**Action item:** If a line below includes the string "with", copy it.

====== Records

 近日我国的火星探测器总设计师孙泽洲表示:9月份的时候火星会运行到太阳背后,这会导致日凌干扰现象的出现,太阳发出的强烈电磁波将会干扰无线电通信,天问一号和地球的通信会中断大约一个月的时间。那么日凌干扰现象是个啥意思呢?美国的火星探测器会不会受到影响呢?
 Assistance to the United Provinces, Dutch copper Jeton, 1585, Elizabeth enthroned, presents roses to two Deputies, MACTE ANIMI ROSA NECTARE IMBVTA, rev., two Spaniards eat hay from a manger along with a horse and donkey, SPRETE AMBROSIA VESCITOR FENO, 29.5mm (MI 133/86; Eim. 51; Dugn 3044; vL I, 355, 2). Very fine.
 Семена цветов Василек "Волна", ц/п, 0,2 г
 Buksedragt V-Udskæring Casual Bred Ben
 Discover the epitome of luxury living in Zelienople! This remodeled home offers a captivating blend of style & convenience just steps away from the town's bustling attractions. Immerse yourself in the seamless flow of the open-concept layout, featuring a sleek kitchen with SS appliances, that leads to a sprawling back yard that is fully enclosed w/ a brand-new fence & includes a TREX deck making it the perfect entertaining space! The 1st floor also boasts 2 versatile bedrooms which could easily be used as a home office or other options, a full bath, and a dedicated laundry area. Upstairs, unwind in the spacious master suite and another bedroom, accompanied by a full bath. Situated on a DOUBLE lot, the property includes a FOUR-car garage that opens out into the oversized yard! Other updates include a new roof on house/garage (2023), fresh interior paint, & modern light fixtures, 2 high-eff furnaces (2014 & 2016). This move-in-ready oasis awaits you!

============

**Response area:**
 Assistance to the United Provinces, Dutch copper Jeton, 1585, Elizabeth enthroned, presents roses to two Deputies, MACTE ANIMI ROSA NECTARE IMBVTA, rev., two Spaniards eat hay from a manger along with a horse and donkey, SPRETE AMBROSIA VESCITOR FENO, 29.5mm (MI 133/86; Eim. 51; Dugn 3044; vL I, 355, 2). Very fine.
 Discover the epitome of luxury living in Zelienople! This remodeled home offers a captivating blend of style & convenience just steps away from the town's bustling attractions. Immerse yourself in the seamless flow of the open-concept layout, featuring a sleek kitchen with SS appliances, that leads to a sprawling back yard that is fully enclosed w/ a brand-new fence & includes a TREX deck making it the perfect entertaining space! The 1st floor also boasts 2 versatile bedrooms which could easily be used as a home office or other options, a full bath, and a dedicated laundry area. Upstairs, unwind in the spacious master suite and another bedroom, accompanied by a full bath. Situated on a DOUBLE lot, the property includes a FOUR-car garage that opens out into the oversized yard! Other updates include a new roof on house/garage (2023), fresh interior paint, & modern light fixtures, 2 high-eff furnaces (2014 & 2016). This move-in-ready oasis awaits you!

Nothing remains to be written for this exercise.